_WORK TO COMPLETE:_
Output only the lines below from the one holding "Ada 2 menteri" down to the one holding "Also weiter. Jetzt", both end lines included and every picture dropped.

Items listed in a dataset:
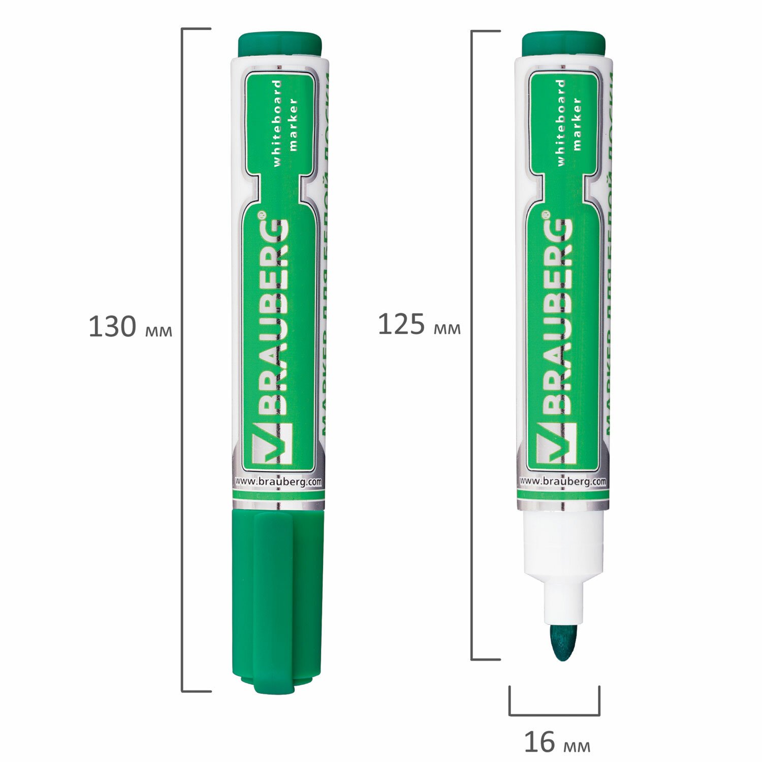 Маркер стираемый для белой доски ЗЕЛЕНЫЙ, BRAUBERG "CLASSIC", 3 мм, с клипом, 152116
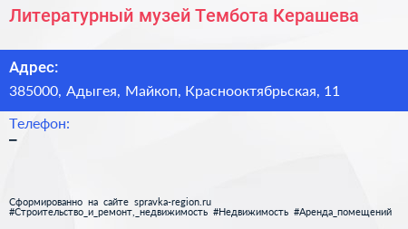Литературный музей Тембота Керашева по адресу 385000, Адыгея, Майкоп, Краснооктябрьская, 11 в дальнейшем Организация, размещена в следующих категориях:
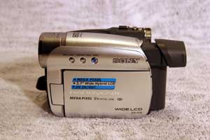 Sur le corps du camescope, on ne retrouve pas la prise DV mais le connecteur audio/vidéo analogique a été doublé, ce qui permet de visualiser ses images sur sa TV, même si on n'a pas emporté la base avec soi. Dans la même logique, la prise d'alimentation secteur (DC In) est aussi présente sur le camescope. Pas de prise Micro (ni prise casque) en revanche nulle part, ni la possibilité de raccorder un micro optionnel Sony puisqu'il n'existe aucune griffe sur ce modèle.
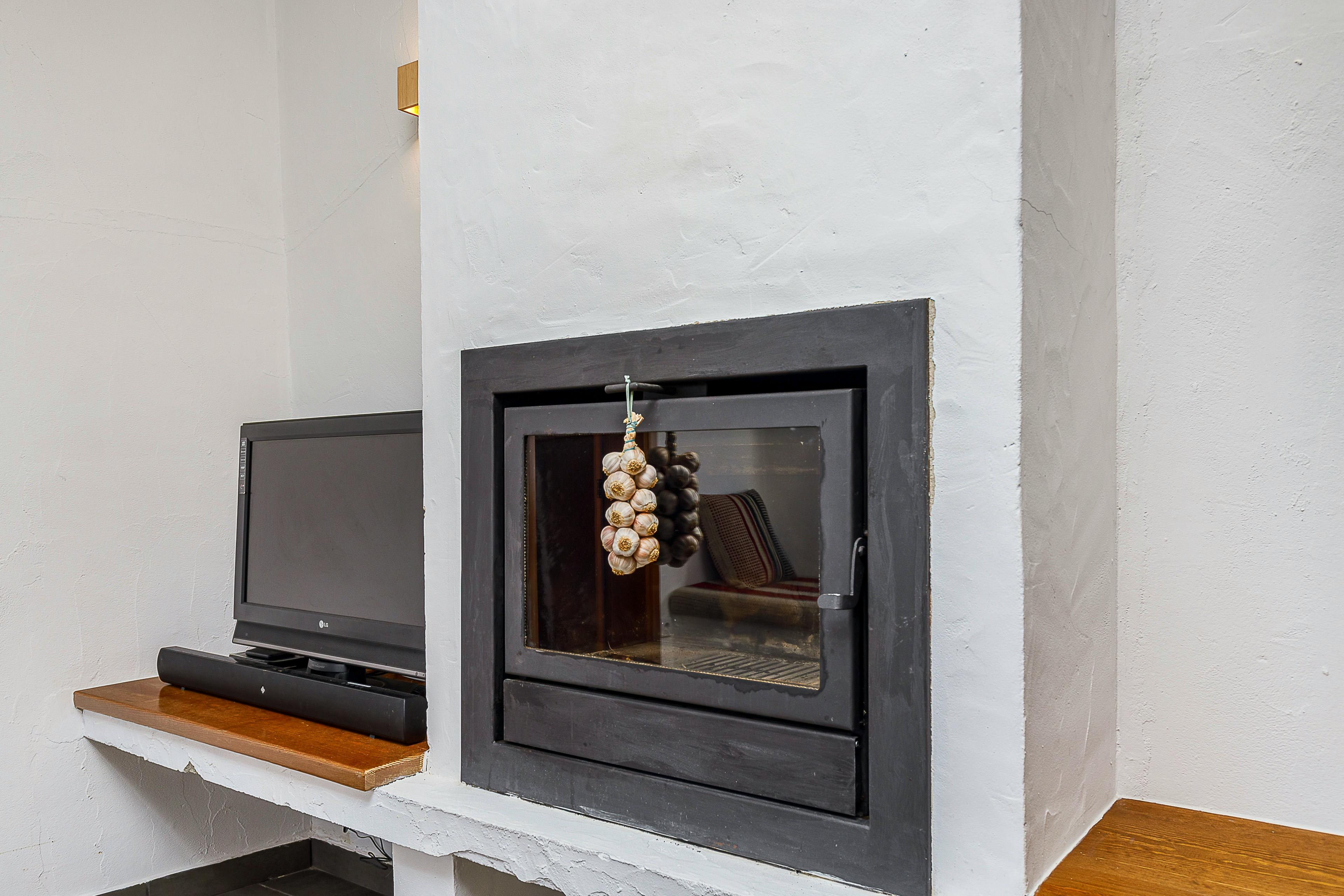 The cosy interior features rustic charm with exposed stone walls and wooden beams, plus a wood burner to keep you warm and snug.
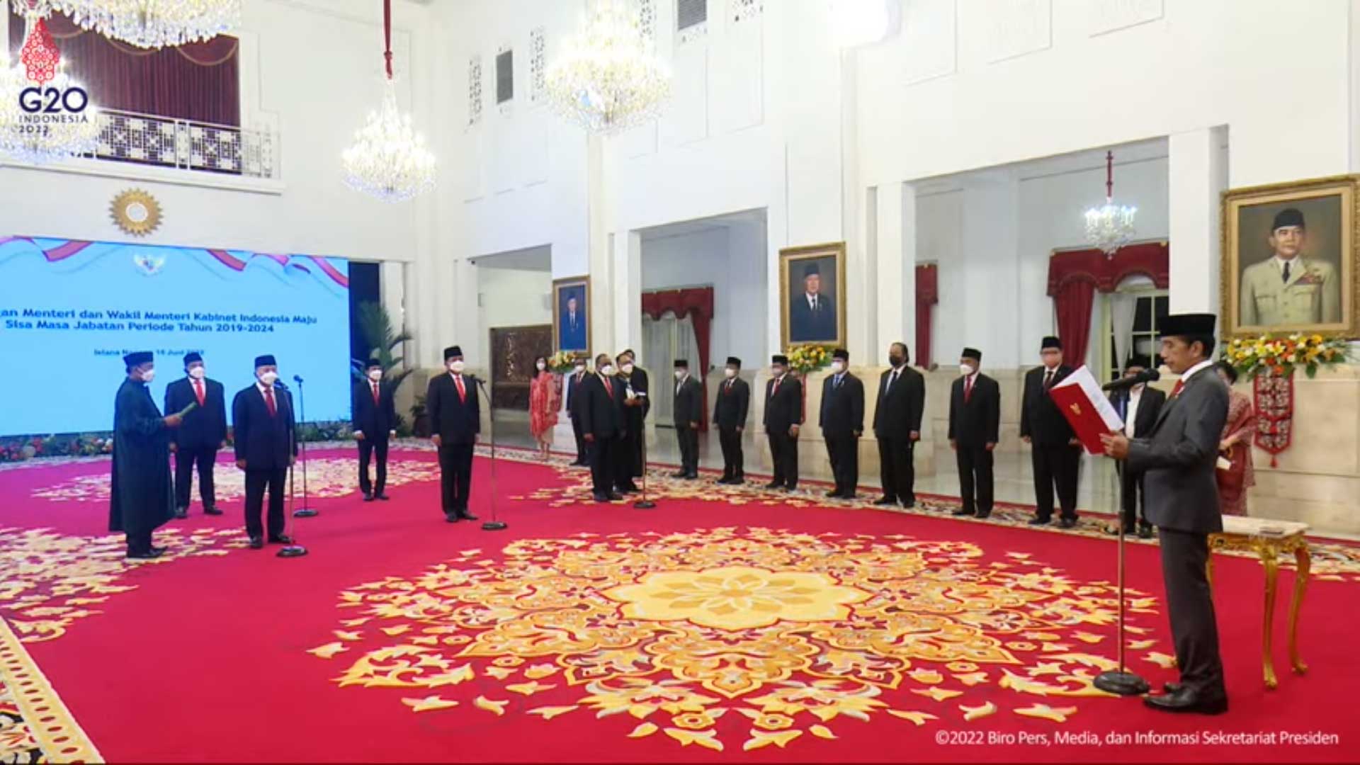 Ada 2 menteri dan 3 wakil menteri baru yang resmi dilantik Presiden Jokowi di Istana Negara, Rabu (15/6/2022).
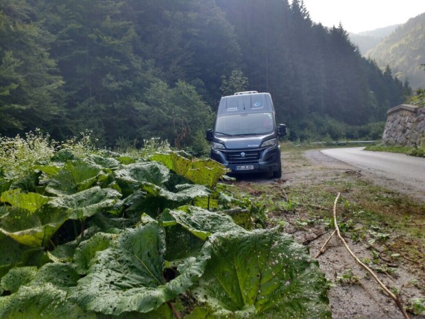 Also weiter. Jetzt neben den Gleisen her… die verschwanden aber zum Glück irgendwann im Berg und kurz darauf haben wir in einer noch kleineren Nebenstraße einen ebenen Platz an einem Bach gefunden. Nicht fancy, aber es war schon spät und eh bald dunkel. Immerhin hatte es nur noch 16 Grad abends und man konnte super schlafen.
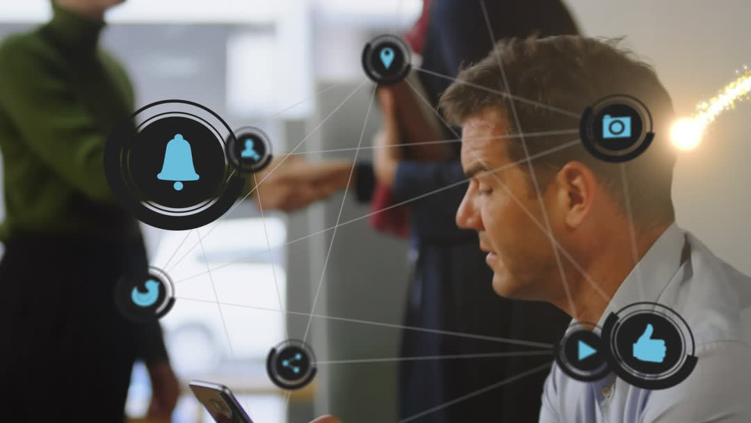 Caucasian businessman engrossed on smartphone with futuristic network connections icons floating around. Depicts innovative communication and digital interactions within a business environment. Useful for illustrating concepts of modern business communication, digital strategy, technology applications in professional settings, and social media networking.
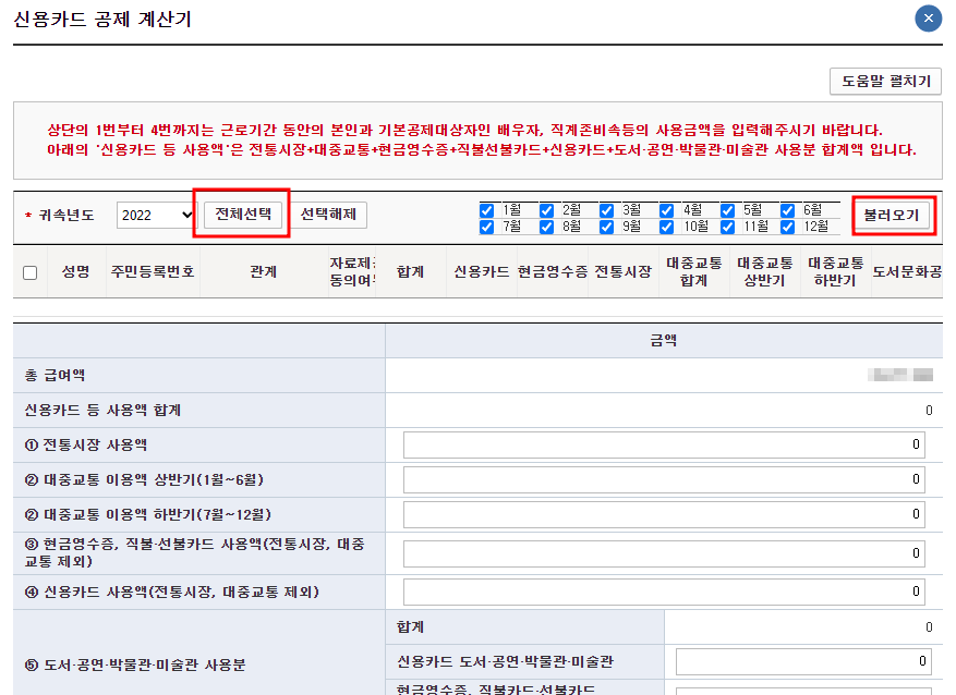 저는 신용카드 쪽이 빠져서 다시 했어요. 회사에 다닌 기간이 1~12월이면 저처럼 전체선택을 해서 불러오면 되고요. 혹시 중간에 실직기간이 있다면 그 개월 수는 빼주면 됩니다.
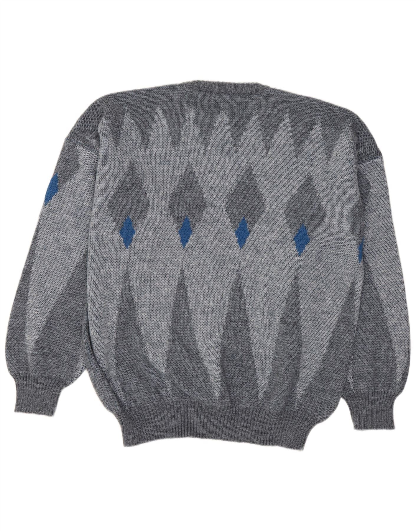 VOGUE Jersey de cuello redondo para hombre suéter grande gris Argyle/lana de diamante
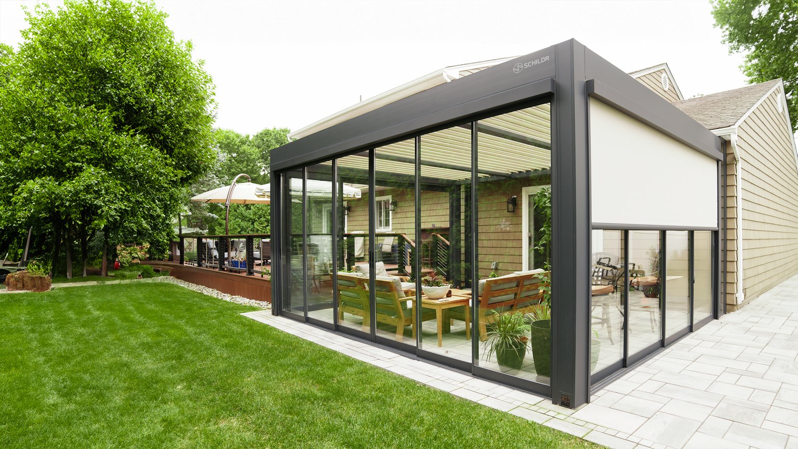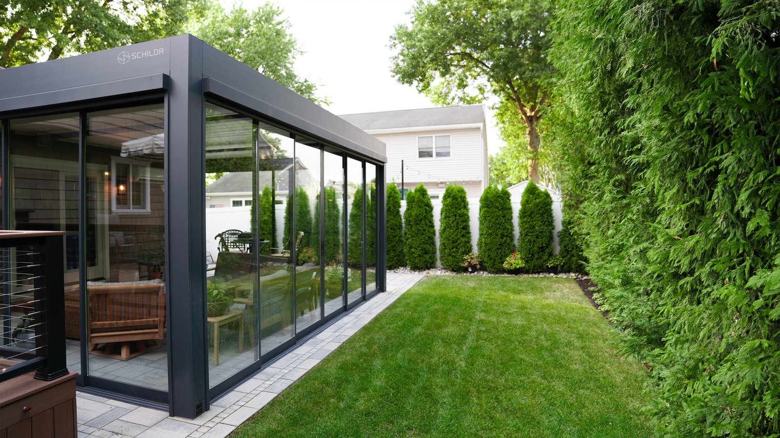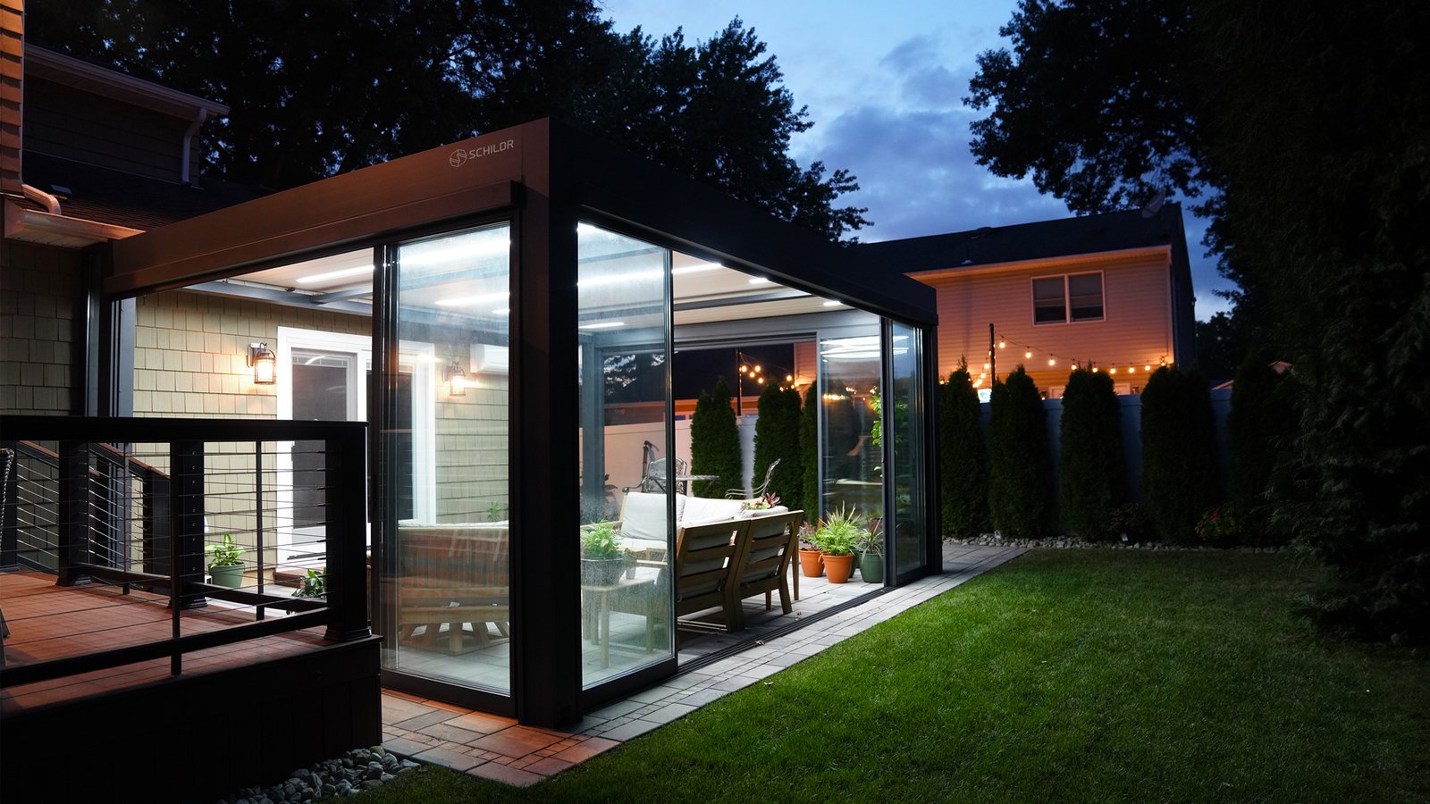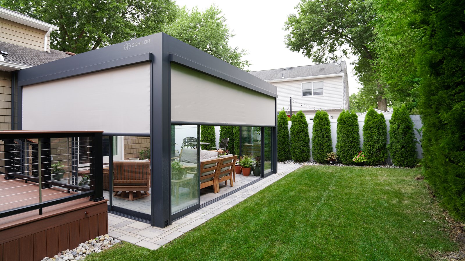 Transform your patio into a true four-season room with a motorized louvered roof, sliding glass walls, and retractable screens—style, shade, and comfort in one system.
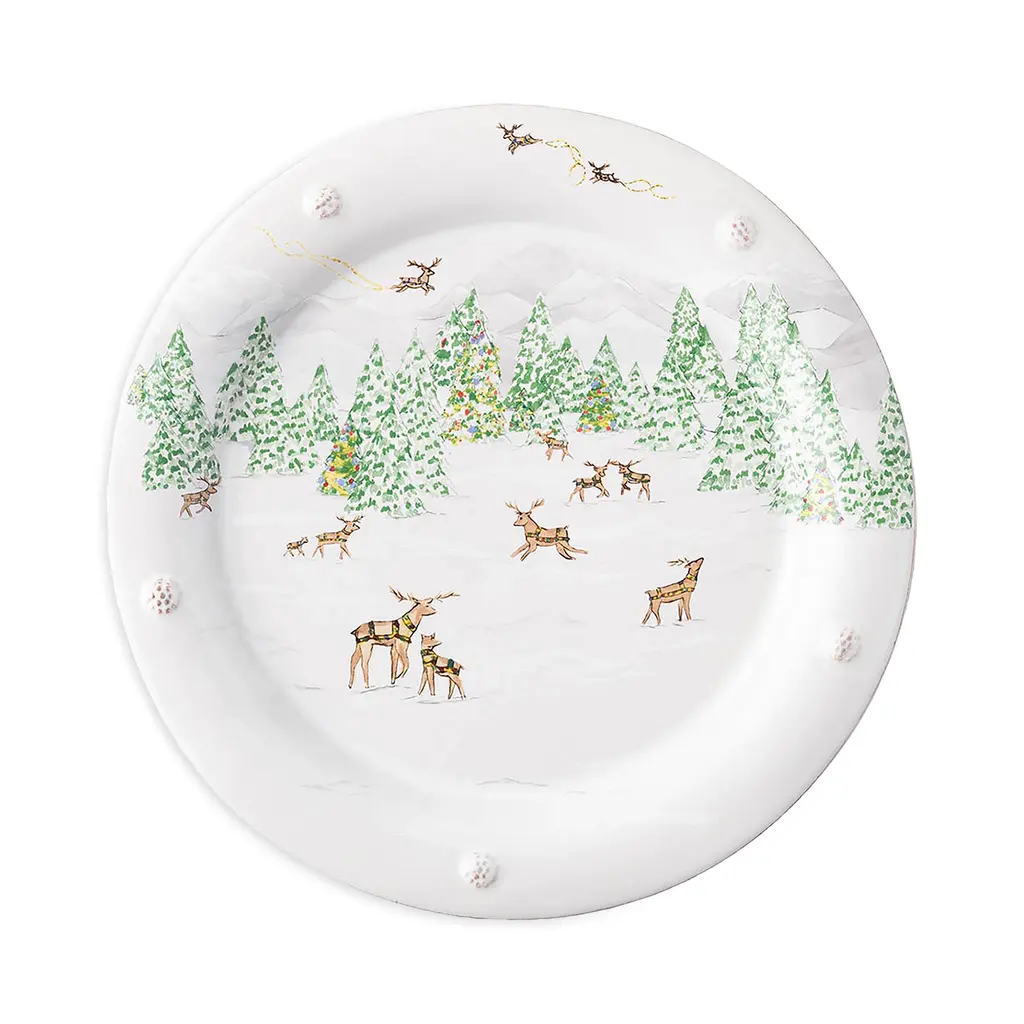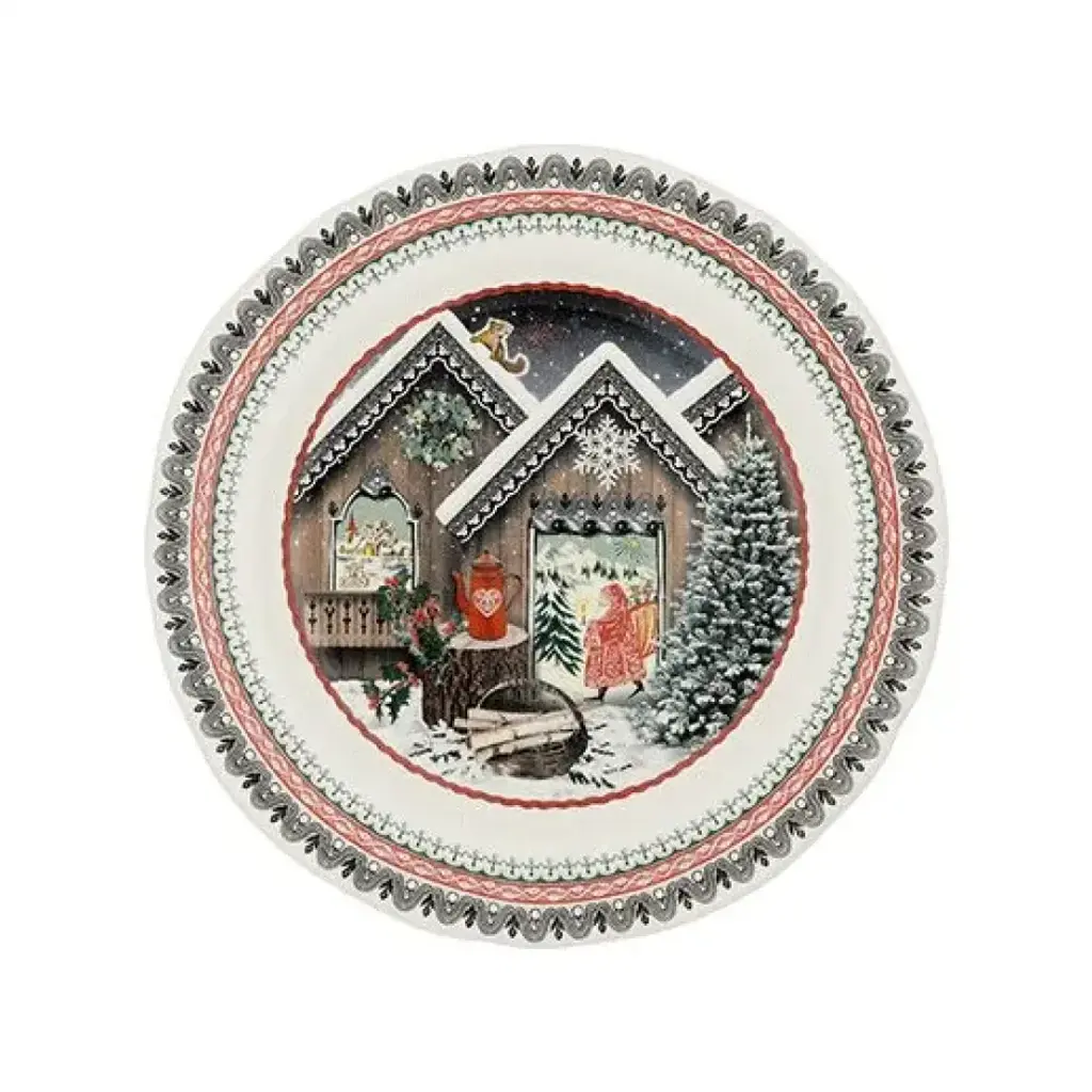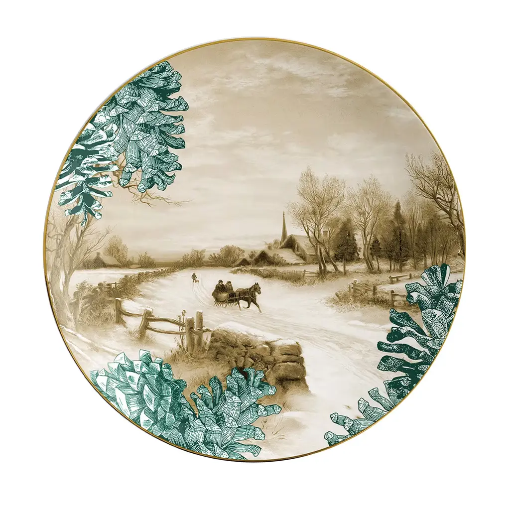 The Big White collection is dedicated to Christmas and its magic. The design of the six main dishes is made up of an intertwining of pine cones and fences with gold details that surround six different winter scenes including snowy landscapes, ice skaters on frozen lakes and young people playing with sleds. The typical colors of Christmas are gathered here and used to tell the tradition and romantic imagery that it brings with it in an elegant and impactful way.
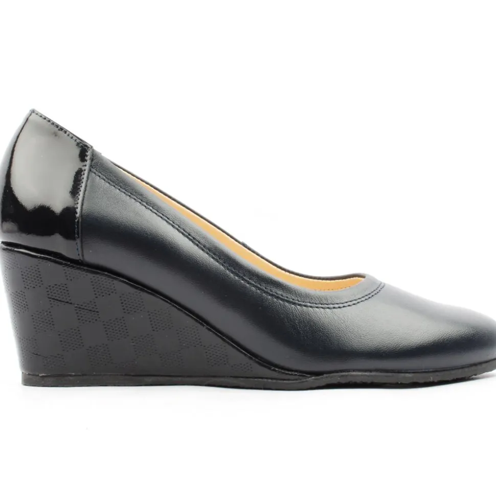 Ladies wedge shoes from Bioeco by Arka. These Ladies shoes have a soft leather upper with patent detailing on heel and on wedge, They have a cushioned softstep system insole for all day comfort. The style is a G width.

_RESPONSE TO THE EXERCISE:_
 Ada 2 menteri dan 3 wakil menteri baru yang resmi dilantik Presiden Jokowi di Istana Negara, Rabu (15/6/2022).
 Also weiter. Jetzt neben den Gleisen her… die verschwanden aber zum Glück irgendwann im Berg und kurz darauf haben wir in einer noch kleineren Nebenstraße einen ebenen Platz an einem Bach gefunden. Nicht fancy, aber es war schon spät und eh bald dunkel. Immerhin hatte es nur noch 16 Grad abends und man konnte super schlafen.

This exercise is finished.